### Task prompt
An exact repetition of the data is required; no picture should appear in it.

### Given material
:::

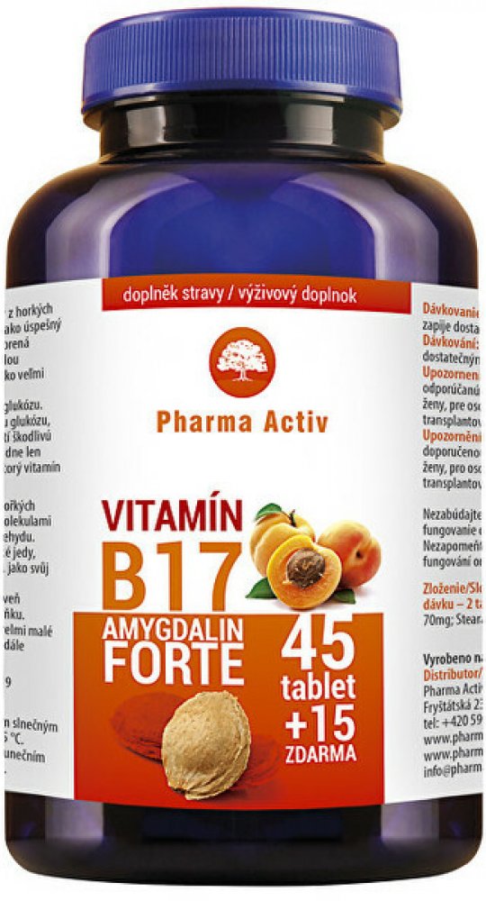 Pharma Activ Czech 60 tbl tablety trávení a zažívání unisex Pharma Active pro dospělé perorální bez příchutě Slovensko vitamín B17 trávení, zažívání a detox Nespecifikováno
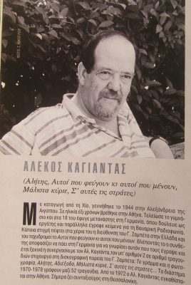 «Πρέπει να ξέρεις μηχανή να κόψεις μαύρα μάτια» Τρίτη 14 Μαϊου 2019, Αφιέρωμα στους στίχους του ΑΛΕΚΟΥ ΚΑΓΙΑΝΤΑ. Με μούσική ΓΙΩΡΓΟΥ ΖΑΜΠΕΤΑ και άλλων συνθετών… στο Δεύτερο Πρόγραμμα της Ελληνικής Ραδιοφωνίας (Α’ Μερος)
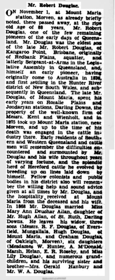 Robert Douglas of Kangaroo Point came to Australia in 1839,
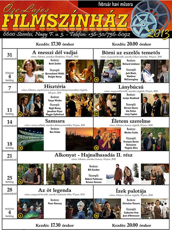 Őze Lajos Filmszínház 6600 Szentes, Nagy Ferenc u. 3. Tel.: +36-30/756-6092

:::

### Reply to the exercise
 Pharma Activ Czech 60 tbl tablety trávení a zažívání unisex Pharma Active pro dospělé perorální bez příchutě Slovensko vitamín B17 trávení, zažívání a detox Nespecifikováno
 «Πρέπει να ξέρεις μηχανή να κόψεις μαύρα μάτια» Τρίτη 14 Μαϊου 2019, Αφιέρωμα στους στίχους του ΑΛΕΚΟΥ ΚΑΓΙΑΝΤΑ. Με μούσική ΓΙΩΡΓΟΥ ΖΑΜΠΕΤΑ και άλλων συνθετών… στο Δεύτερο Πρόγραμμα της Ελληνικής Ραδιοφωνίας (Α’ Μερος)
 Robert Douglas of Kangaroo Point came to Australia in 1839,
 Őze Lajos Filmszínház 6600 Szentes, Nagy Ferenc u. 3. Tel.: +36-30/756-6092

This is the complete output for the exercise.